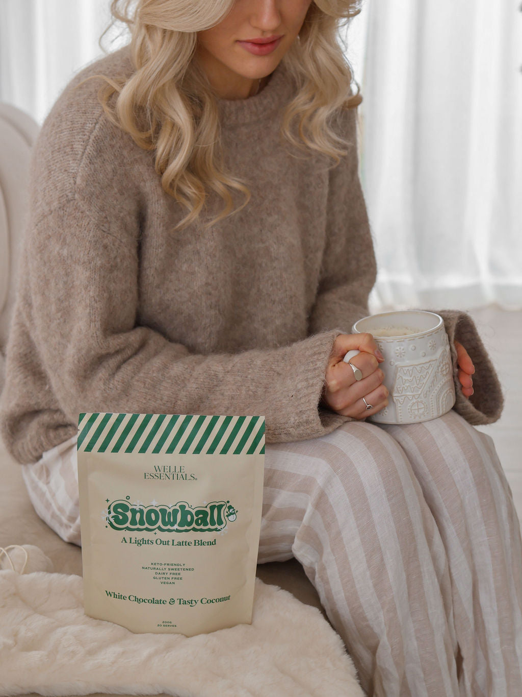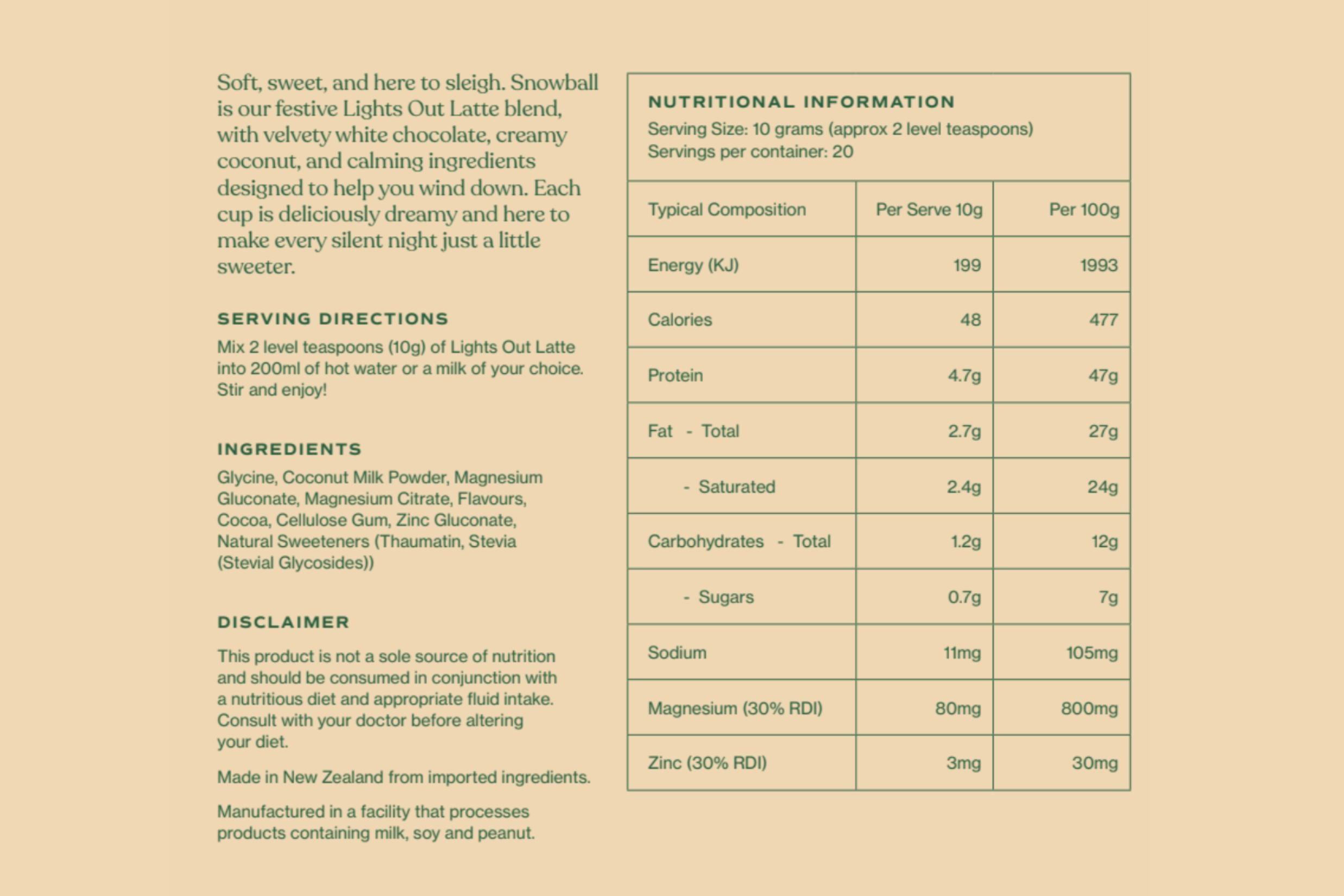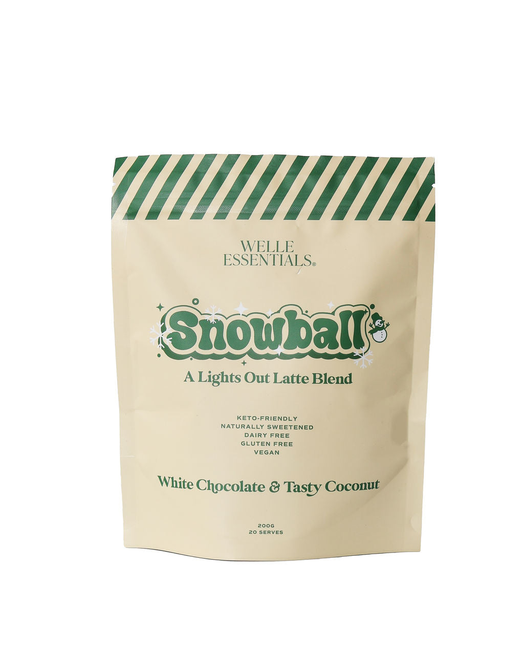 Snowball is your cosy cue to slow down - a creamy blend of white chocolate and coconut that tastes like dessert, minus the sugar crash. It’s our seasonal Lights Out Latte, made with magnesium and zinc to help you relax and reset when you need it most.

* * *

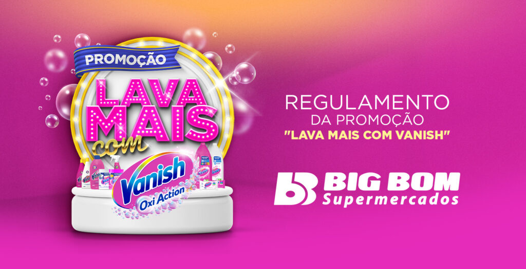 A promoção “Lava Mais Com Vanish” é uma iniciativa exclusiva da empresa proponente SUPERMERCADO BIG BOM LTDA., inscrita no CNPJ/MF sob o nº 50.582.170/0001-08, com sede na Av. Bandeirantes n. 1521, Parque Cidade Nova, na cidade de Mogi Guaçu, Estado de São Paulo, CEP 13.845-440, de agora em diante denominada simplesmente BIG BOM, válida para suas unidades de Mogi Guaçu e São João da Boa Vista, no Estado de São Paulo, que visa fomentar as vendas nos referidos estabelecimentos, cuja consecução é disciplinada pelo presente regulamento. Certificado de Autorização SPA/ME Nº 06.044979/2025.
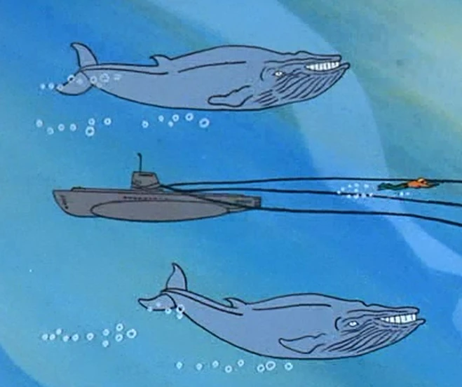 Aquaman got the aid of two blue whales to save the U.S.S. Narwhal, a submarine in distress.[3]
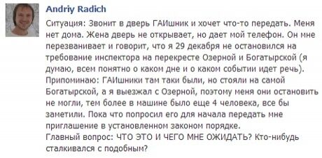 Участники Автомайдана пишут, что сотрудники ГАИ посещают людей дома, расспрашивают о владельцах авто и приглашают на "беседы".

INSTRUCTIONS TO FOLLOW -> Look through the material above. Transcribe exactly the lines between the ones with "Aquaman got the" and "Участники Автомайдана пишут, что", inclusive, and keep pictures out.

EXPECTED ANSWER ->
 Aquaman got the aid of two blue whales to save the U.S.S. Narwhal, a submarine in distress.[3]
 Участники Автомайдана пишут, что сотрудники ГАИ посещают людей дома, расспрашивают о владельцах авто и приглашают на "беседы".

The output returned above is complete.